:: Data supplied ::
──────────

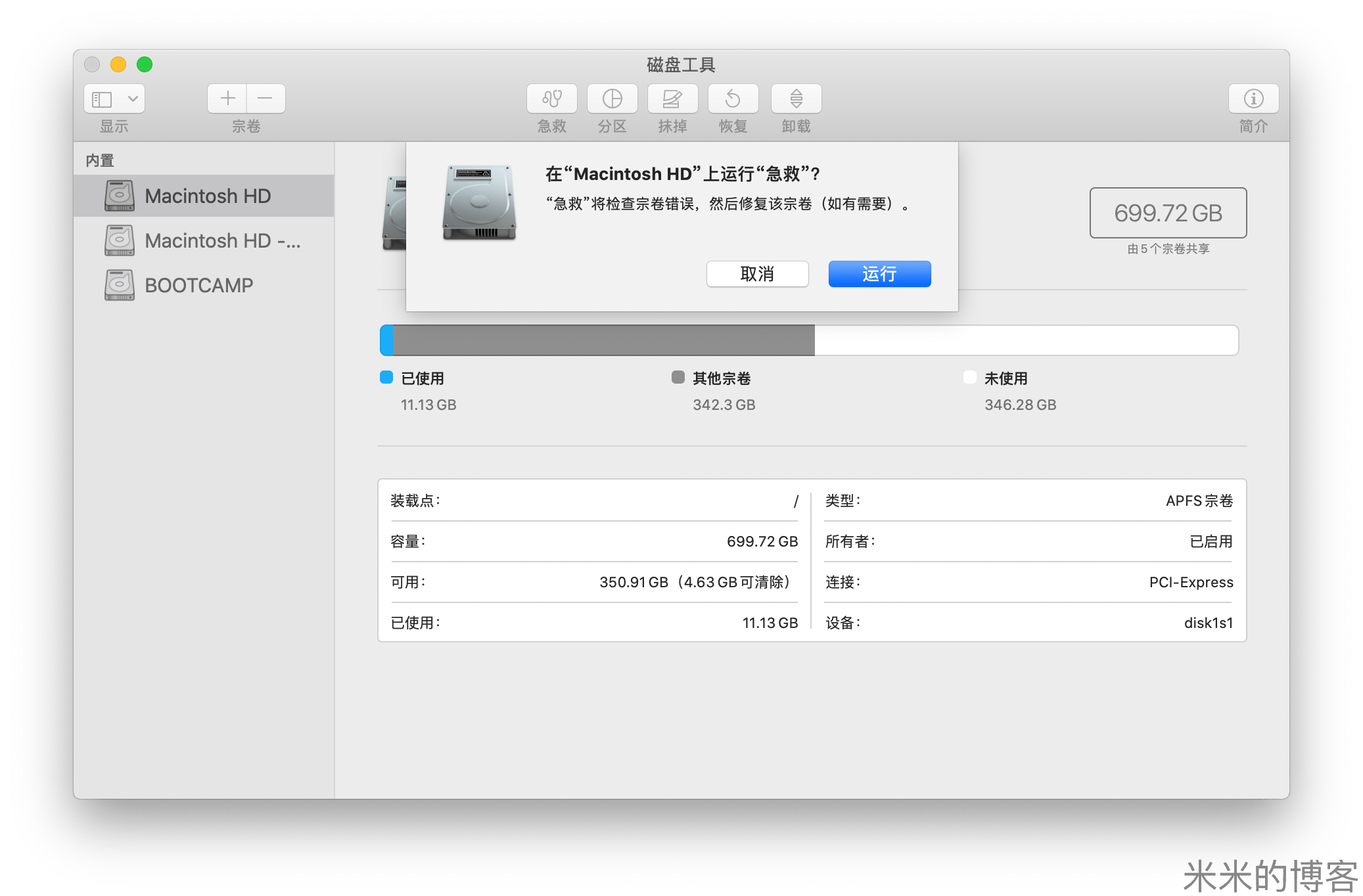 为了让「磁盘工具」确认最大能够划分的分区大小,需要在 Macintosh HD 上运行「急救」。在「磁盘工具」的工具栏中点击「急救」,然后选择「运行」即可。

──────────

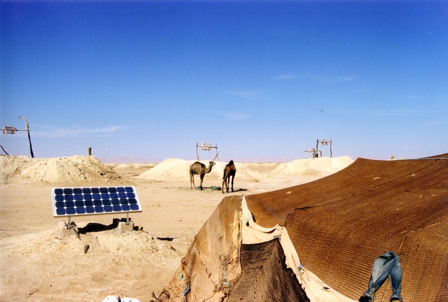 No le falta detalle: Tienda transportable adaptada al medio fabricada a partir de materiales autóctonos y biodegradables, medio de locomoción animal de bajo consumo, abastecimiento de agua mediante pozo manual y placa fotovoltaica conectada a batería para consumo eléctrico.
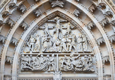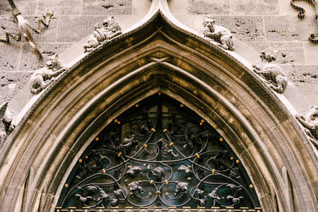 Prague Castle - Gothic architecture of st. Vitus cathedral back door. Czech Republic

──────────

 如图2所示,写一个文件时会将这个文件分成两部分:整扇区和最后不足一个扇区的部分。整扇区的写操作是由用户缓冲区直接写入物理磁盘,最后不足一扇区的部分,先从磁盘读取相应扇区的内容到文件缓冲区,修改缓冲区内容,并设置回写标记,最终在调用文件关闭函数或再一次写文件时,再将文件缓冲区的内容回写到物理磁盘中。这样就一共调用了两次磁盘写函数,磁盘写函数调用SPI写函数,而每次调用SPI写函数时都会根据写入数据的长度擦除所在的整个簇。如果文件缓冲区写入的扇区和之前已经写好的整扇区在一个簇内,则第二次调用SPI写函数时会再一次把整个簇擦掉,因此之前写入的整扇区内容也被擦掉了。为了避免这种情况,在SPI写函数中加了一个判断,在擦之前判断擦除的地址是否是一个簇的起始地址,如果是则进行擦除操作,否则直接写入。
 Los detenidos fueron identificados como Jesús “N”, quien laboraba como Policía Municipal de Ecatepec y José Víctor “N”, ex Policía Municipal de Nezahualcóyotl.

──────────

:: What to work on ::
The response must repeat exactly the lines above from the one with "No le falta" through the one with "Prague Castle - Gothic", including both, and must contain no pictures and no other text.

:: Finished exercise ::
 No le falta detalle: Tienda transportable adaptada al medio fabricada a partir de materiales autóctonos y biodegradables, medio de locomoción animal de bajo consumo, abastecimiento de agua mediante pozo manual y placa fotovoltaica conectada a batería para consumo eléctrico.
 Prague Castle - Gothic architecture of st. Vitus cathedral back door. Czech Republic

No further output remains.